The company’s new general manager Richard Aindow, intends to continue Tarrant’s legacy, and to drive Footnote to create and perform even bigger and better things. That is where NOW comes in. The production is a showcase of home-grown talent, split into three difference performances.

The first performance, Low, is choreographed by Olive Bieringa and Otto Ramstad. These two talented dancers co-direct The BodyCartography Project, a dance company that aims to convey empathy and the physicality of space in a variety of landscapes through their works. The company has been hoarding countless dance awards since 1997 when Bieringa founded the company in San Francisco. The co-directors waltzed over to Welly from Minnesota to start work on their latest dance venture. Low is the story of bodily experience. It tells the story of life from the perspective of the physical form, specifically how one’s organs and bones witness the world. Low, they say, is how we meet the world.

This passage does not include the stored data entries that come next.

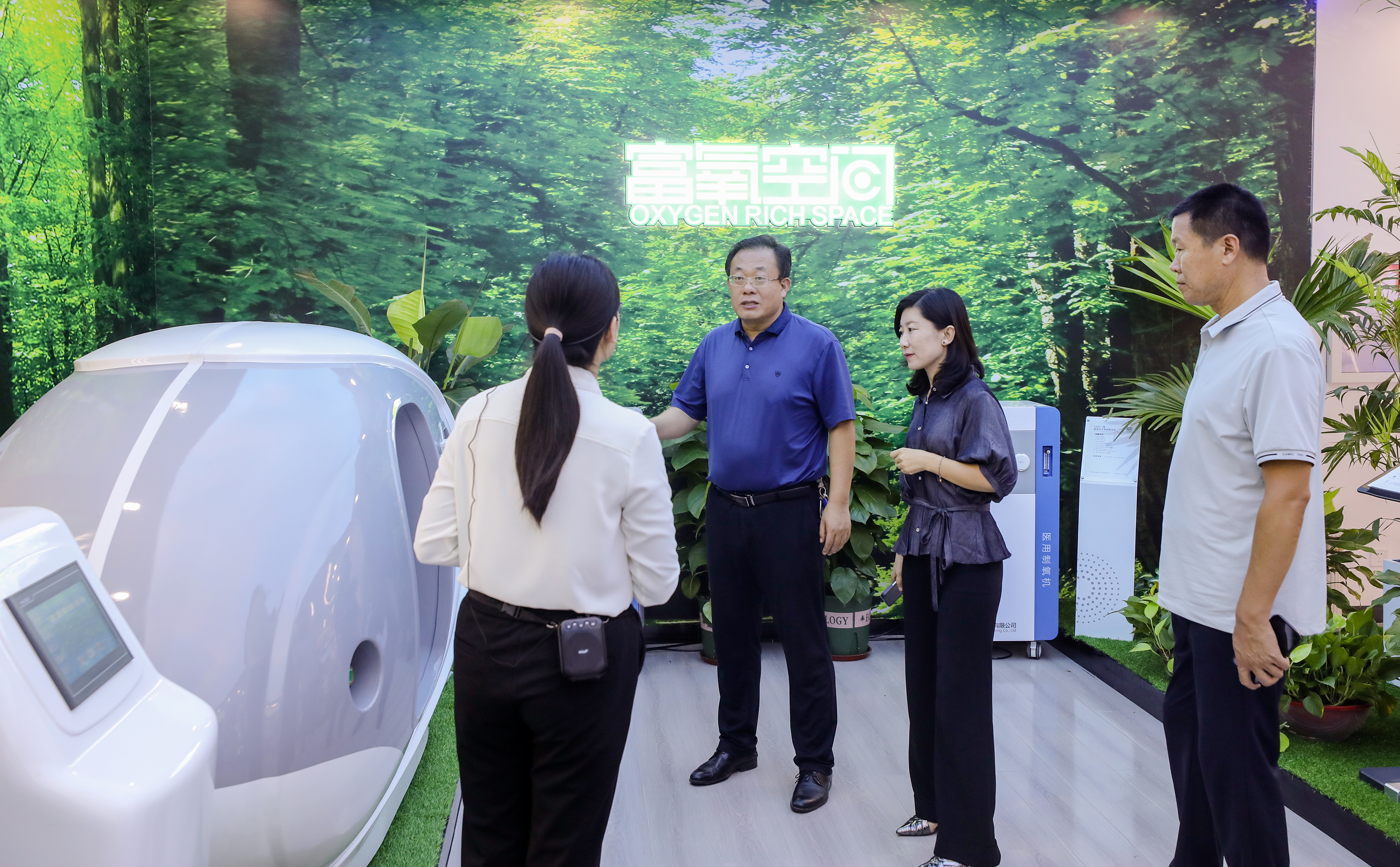 当高科技与医疗器械、康复辅具相遇,会擦出怎样的“火花”?产业发展中心内,既有护理床、轮椅等传统产品,还有智能定位拐杖、微压大气舱、适老化改造监护可视化系统等高端智能产品。采风团一行不时被眼前充满“智慧”的展品吸引,大家边听边看,感受高科技带给医疗健康的魅力。
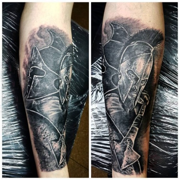 男生手臂上黑灰素描点刺技巧创意斯巴达战士纹身图片
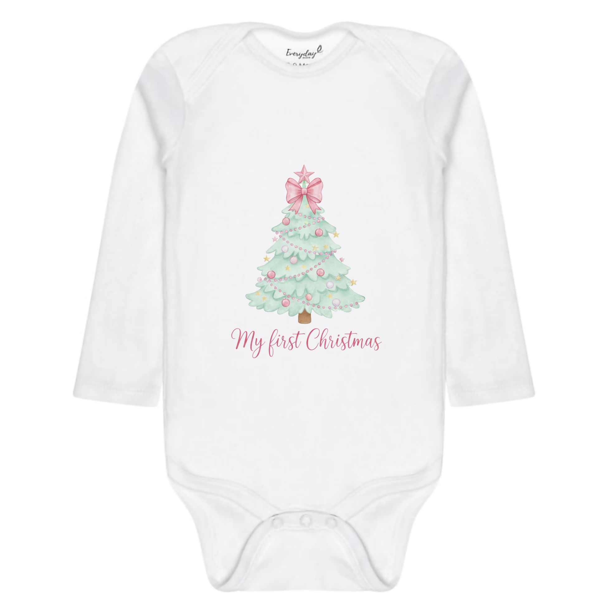 Everyday Kids Christmas Collection My First Christmas Pastel Tree Baby Onesie – Graphic Bodysuit

Lyne Pringle is responsible for the next performance, Thin Air. She has been dancing for 30 years, all over New Zealand, Australia and New York, and has produced over 30 works in this time. That is more than one production a year, and still she wants to continue taking her work in new directions. Seriously? How many directions can there be left to take? But somehow she has managed to create an original work. Thin Air is about enchantment. The production illustrates the art of vanishing and conjuring magic. It sounds all very Harry Potter, but much more graceful and without all the Quidditch.

Depends on You is the final performance, and is choreographed by Craig Barry. He is just your typical local kid from Palmy. Except for the fact that he has danced in the Royal Ballet, and won the Best Male Dancer award  in Auckland, and choreographed and danced around the globe. Other than that, just your average Palmy boy. His performance is a modification of Footnote’s previous season of Straight Laced, Depends on You, which focussed on the themes of sex and sexuality. Don’t take your mum along unless you are one of the rare few who doesn't get squeamish watching sex scenes around your parents, because Barry promises both an erotic and entertaining enactment.